▸ Provided data
┌──

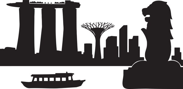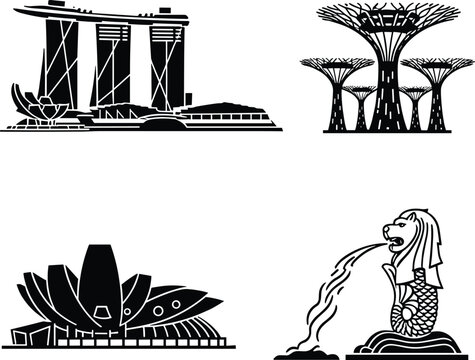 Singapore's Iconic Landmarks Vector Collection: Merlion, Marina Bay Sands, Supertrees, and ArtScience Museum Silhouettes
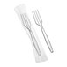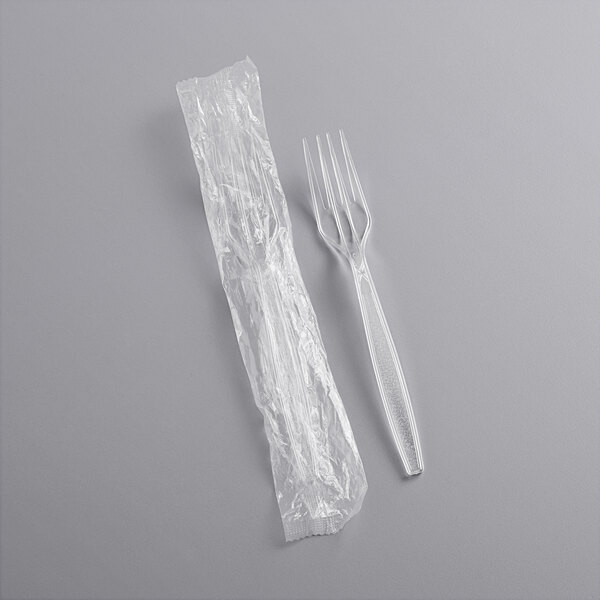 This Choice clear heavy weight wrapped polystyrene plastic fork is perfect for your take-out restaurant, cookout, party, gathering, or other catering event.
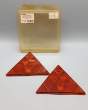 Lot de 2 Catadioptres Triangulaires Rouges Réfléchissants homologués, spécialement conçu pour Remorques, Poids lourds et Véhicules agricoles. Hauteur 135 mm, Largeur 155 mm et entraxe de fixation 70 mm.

└──
┌──

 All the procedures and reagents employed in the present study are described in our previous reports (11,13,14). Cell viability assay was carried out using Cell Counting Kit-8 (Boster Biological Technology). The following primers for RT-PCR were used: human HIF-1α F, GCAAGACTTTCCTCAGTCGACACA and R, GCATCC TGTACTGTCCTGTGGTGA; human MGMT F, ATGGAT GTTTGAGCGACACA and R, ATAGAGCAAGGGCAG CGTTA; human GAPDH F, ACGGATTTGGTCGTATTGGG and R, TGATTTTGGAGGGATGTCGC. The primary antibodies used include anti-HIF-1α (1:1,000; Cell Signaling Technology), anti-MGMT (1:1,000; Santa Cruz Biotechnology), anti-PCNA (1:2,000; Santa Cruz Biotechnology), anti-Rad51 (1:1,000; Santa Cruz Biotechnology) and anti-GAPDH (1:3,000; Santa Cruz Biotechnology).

└──
┌──

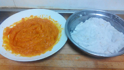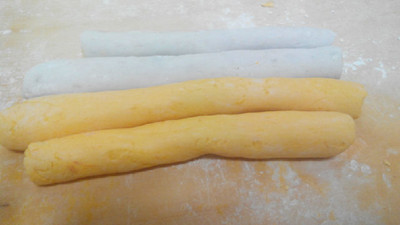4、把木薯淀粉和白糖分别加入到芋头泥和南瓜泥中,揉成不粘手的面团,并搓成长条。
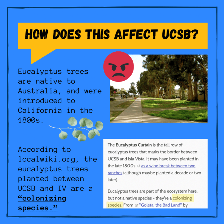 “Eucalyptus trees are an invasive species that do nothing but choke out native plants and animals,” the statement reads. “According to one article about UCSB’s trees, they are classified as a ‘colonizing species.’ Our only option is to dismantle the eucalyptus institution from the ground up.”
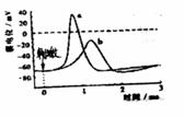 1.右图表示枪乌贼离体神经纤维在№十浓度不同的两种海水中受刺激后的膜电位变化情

└──

▸ Work to complete
Working from the data above, repeat exactly, and only, the lines that begin at the line containing "Singapore's Iconic Landmarks" and stop after the line containing "This Choice clear"; pictures are not copied.

▸ Written response
 Singapore's Iconic Landmarks Vector Collection: Merlion, Marina Bay Sands, Supertrees, and ArtScience Museum Silhouettes
 This Choice clear heavy weight wrapped polystyrene plastic fork is perfect for your take-out restaurant, cookout, party, gathering, or other catering event.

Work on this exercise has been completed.